**Assignment**
Each line below must be transcribed exactly, and no picture may appear in the transcription.

**Data excerpt**
◆ ◆ ◆ ◆ ◆

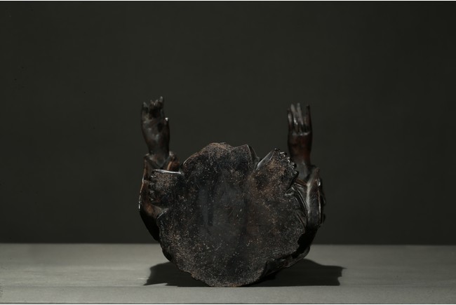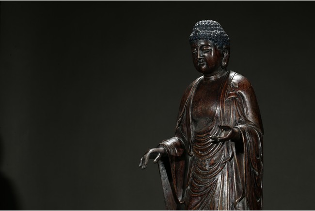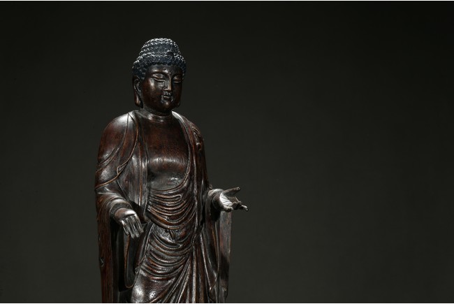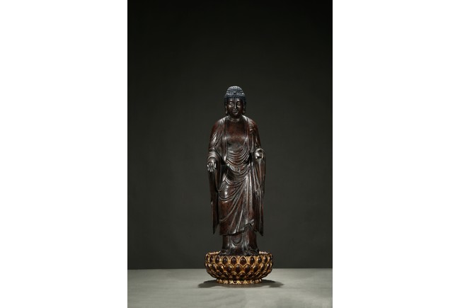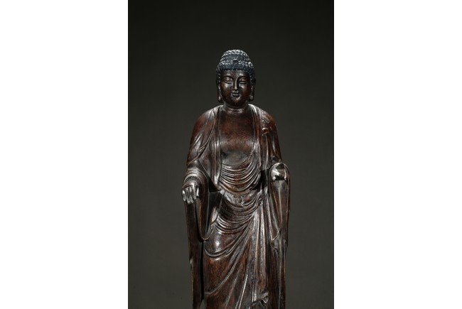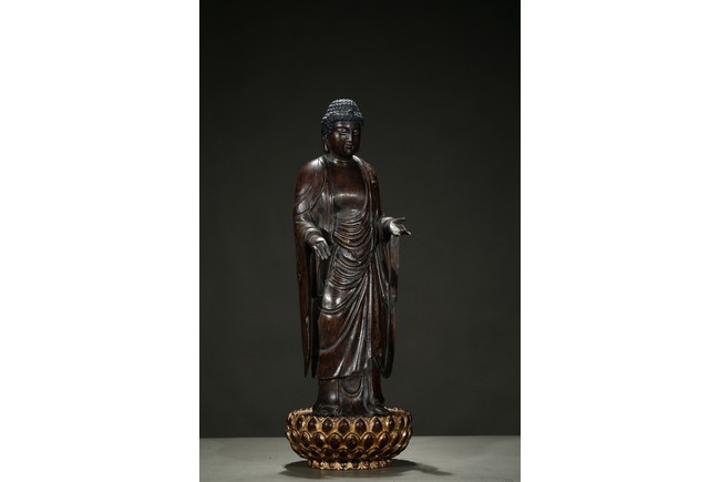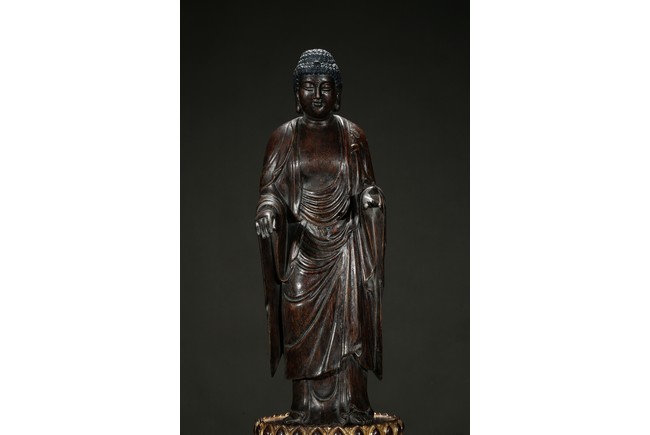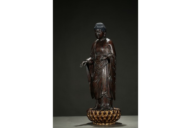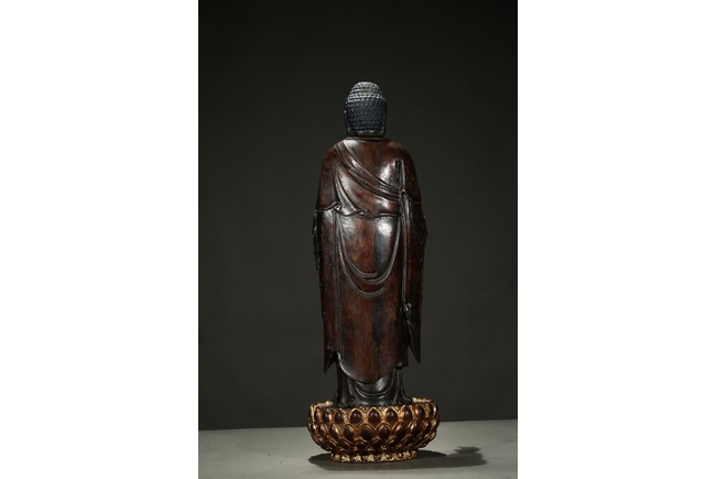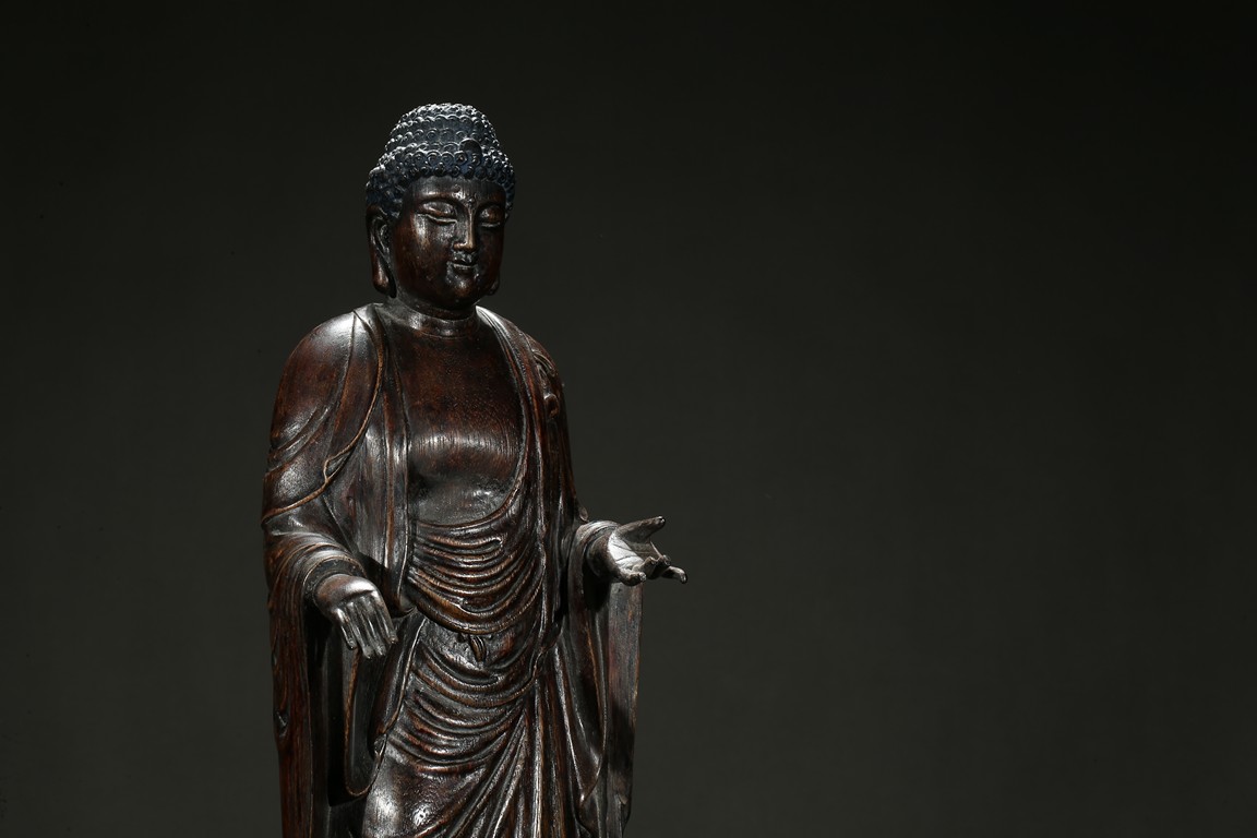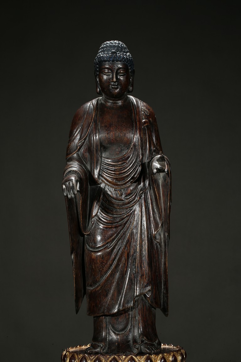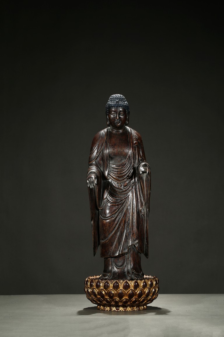 The large aromatic aloeswood carved in the form of a standing bodhisattva on a separately carved gilt lotus-base in samabhanga, his hands vitarka mudra, wearing a pleated monk's robe, his face with serene expression. Republic period.
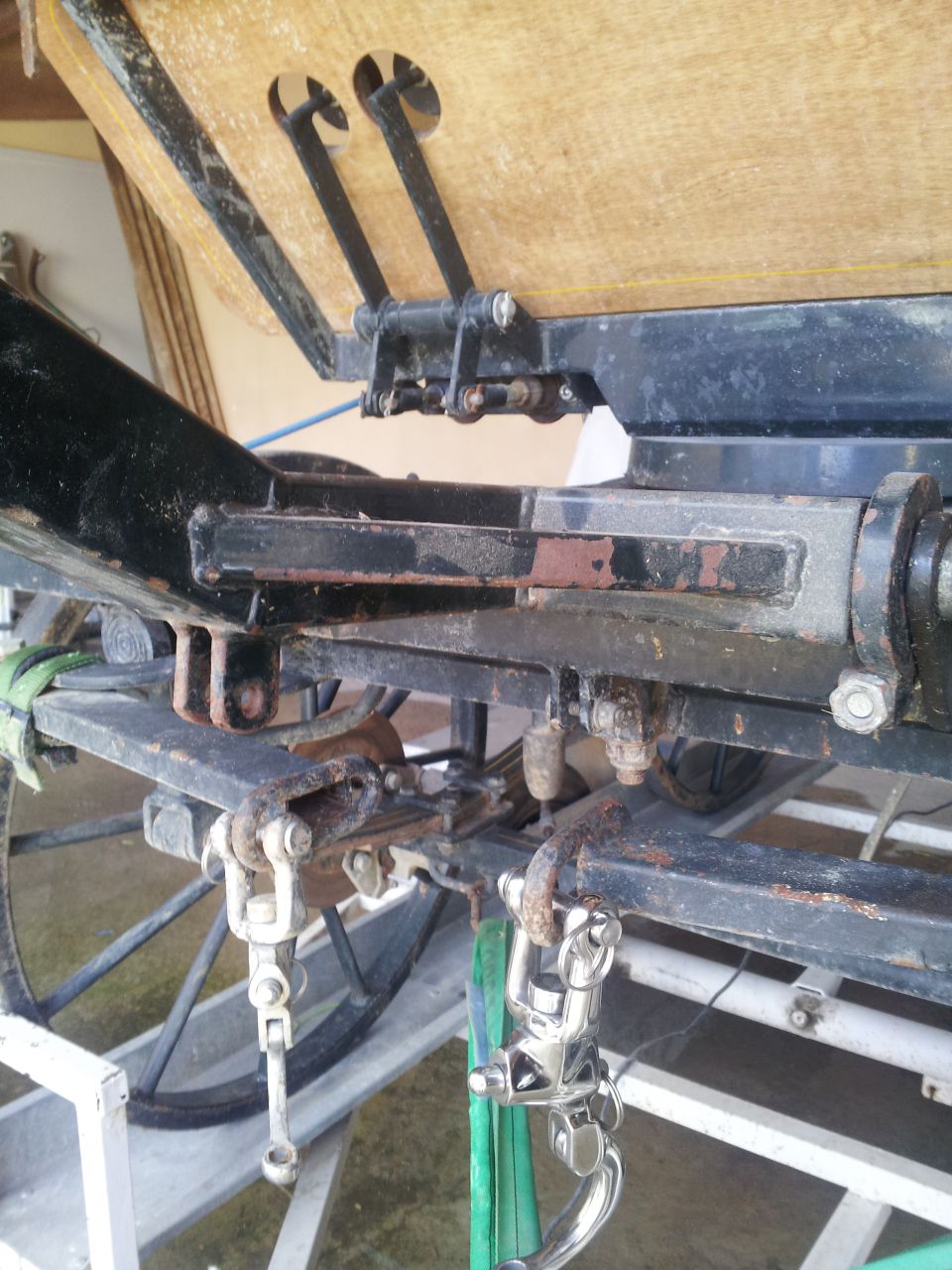 | Dire merci | Au contraire ... Il ne manque rien pour un fonctionnement normal : le timon est suspendue par la piece de section carrée dans laquelle passe la grande goupille ... Il manque juste une grosse chaine pour empêcher le timon de se soulever trop lors des reculés ! Autant dire qu'elle est inutile dans 99% des cas ... Coucou Sissy ! La forme ? |
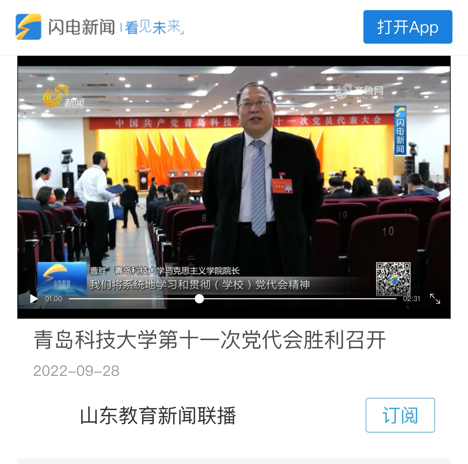 2022年9月24日,青岛科技大学马克思主义学院院长曹胜作为青岛科技大学第十一次党员代表大会代表接受山东广播电视台采访。
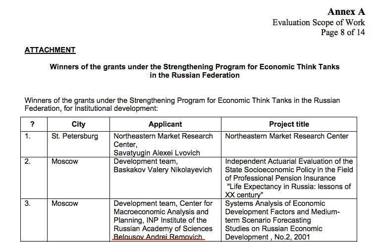 Однако нам Андрей Рэмович интересен не только своей новой должностью, но и любопытными фактами из своей биографии. Например, Белоусов несколько лет подряд получал американский грант от Агентства США по международному развитию (USAID). В свободном доступе довольно легко найти информацию, что с 2001 по 2005 годы Белоусов осваивал американский грант, трудясь в качестве главы Центра макроэкономического анализа. Собственно, сами американцы этого никогда и не скрывали, что видно в соответствующем отчете.

◆ ◆ ◆ ◆ ◆

**Answer below**
 The large aromatic aloeswood carved in the form of a standing bodhisattva on a separately carved gilt lotus-base in samabhanga, his hands vitarka mudra, wearing a pleated monk's robe, his face with serene expression. Republic period.
 | Dire merci | Au contraire ... Il ne manque rien pour un fonctionnement normal : le timon est suspendue par la piece de section carrée dans laquelle passe la grande goupille ... Il manque juste une grosse chaine pour empêcher le timon de se soulever trop lors des reculés ! Autant dire qu'elle est inutile dans 99% des cas ... Coucou Sissy ! La forme ? |
 2022年9月24日,青岛科技大学马克思主义学院院长曹胜作为青岛科技大学第十一次党员代表大会代表接受山东广播电视台采访。
 Однако нам Андрей Рэмович интересен не только своей новой должностью, но и любопытными фактами из своей биографии. Например, Белоусов несколько лет подряд получал американский грант от Агентства США по международному развитию (USAID). В свободном доступе довольно легко найти информацию, что с 2001 по 2005 годы Белоусов осваивал американский грант, трудясь в качестве главы Центра макроэкономического анализа. Собственно, сами американцы этого никогда и не скрывали, что видно в соответствующем отчете.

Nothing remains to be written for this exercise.